**Task statement:** Reproduction of part of the material below, pictures omitted: copy exactly, and only, the lines starting with the one with "During network discovery, each" and going on through the one with "Gorgeous manufactured home".

**Data excerpts:**

+---+

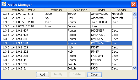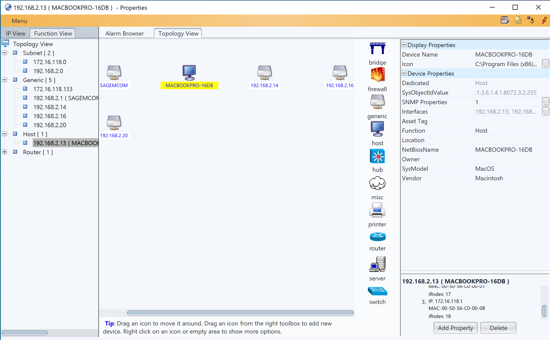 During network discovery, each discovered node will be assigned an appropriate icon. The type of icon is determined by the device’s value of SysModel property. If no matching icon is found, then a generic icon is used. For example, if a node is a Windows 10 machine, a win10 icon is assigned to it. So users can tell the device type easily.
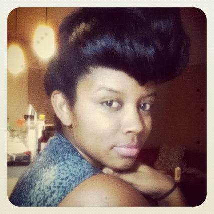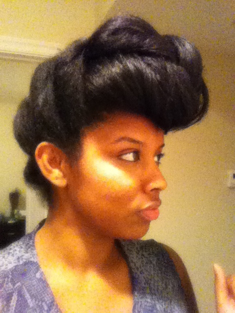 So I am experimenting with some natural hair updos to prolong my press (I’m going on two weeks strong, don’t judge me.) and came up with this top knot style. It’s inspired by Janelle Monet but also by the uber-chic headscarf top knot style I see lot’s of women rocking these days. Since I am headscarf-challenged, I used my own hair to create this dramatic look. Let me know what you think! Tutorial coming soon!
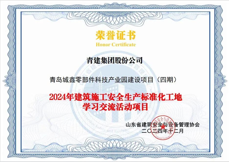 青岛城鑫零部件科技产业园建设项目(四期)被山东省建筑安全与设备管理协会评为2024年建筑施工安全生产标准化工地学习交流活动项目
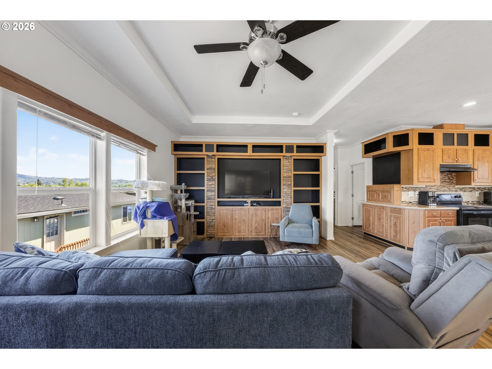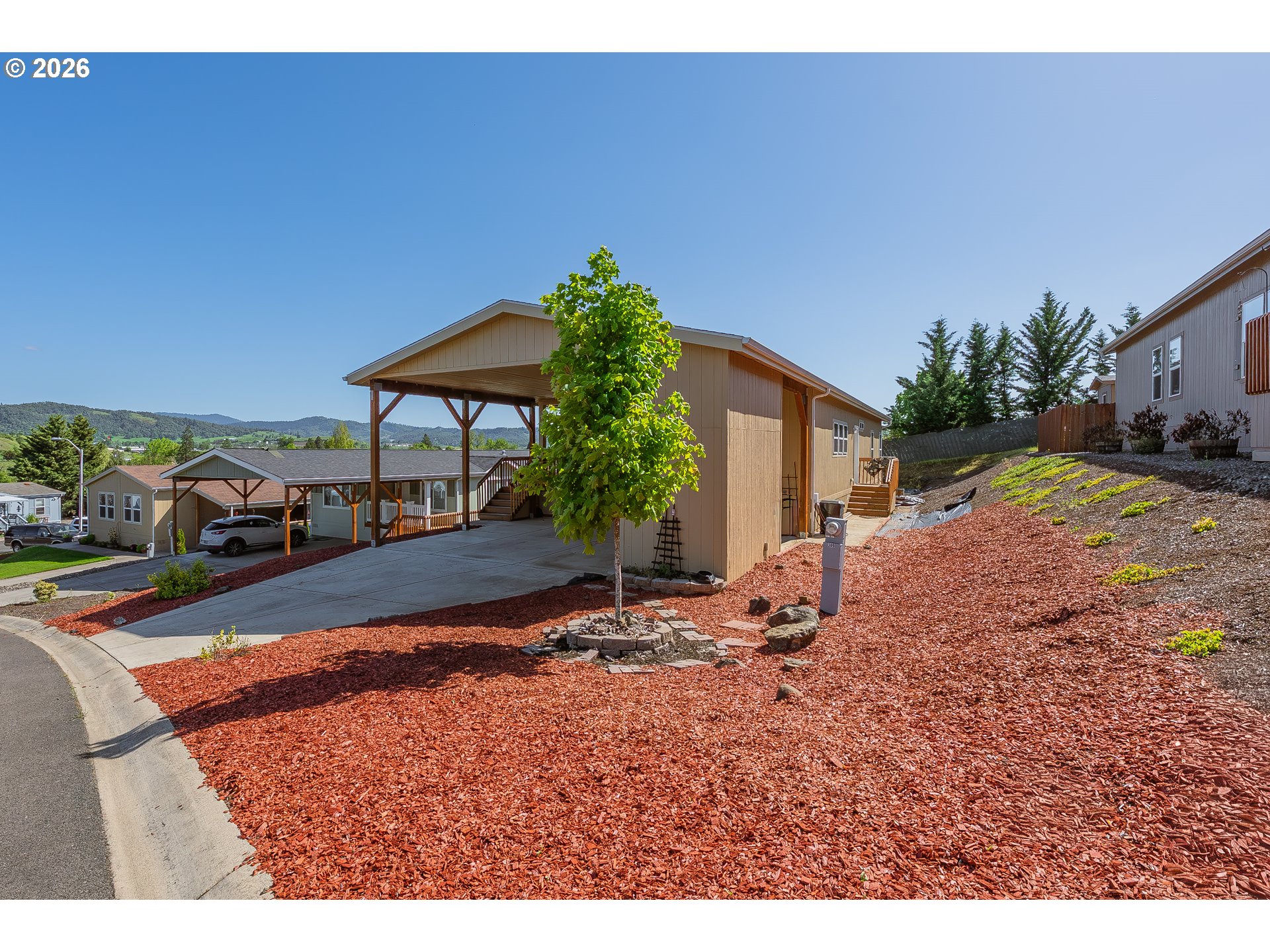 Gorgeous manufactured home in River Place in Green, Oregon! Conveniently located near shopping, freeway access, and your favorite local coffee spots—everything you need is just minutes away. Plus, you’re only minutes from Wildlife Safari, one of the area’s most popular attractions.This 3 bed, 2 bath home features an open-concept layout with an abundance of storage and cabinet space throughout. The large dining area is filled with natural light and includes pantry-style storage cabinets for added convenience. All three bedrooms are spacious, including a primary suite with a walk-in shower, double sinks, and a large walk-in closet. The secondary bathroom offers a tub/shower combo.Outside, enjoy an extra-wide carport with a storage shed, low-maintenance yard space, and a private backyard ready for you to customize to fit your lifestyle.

+---+

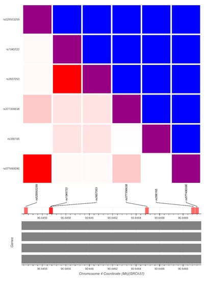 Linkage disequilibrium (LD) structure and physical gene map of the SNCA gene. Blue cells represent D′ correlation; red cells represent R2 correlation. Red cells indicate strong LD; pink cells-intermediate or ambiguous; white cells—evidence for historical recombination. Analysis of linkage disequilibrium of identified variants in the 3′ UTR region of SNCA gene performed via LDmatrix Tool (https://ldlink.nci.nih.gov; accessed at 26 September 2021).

+---+

**Task output:**
 During network discovery, each discovered node will be assigned an appropriate icon. The type of icon is determined by the device’s value of SysModel property. If no matching icon is found, then a generic icon is used. For example, if a node is a Windows 10 machine, a win10 icon is assigned to it. So users can tell the device type easily.
 So I am experimenting with some natural hair updos to prolong my press (I’m going on two weeks strong, don’t judge me.) and came up with this top knot style. It’s inspired by Janelle Monet but also by the uber-chic headscarf top knot style I see lot’s of women rocking these days. Since I am headscarf-challenged, I used my own hair to create this dramatic look. Let me know what you think! Tutorial coming soon!
 青岛城鑫零部件科技产业园建设项目(四期)被山东省建筑安全与设备管理协会评为2024年建筑施工安全生产标准化工地学习交流活动项目
 Gorgeous manufactured home in River Place in Green, Oregon! Conveniently located near shopping, freeway access, and your favorite local coffee spots—everything you need is just minutes away. Plus, you’re only minutes from Wildlife Safari, one of the area’s most popular attractions.This 3 bed, 2 bath home features an open-concept layout with an abundance of storage and cabinet space throughout. The large dining area is filled with natural light and includes pantry-style storage cabinets for added convenience. All three bedrooms are spacious, including a primary suite with a walk-in shower, double sinks, and a large walk-in closet. The secondary bathroom offers a tub/shower combo.Outside, enjoy an extra-wide carport with a storage shed, low-maintenance yard space, and a private backyard ready for you to customize to fit your lifestyle.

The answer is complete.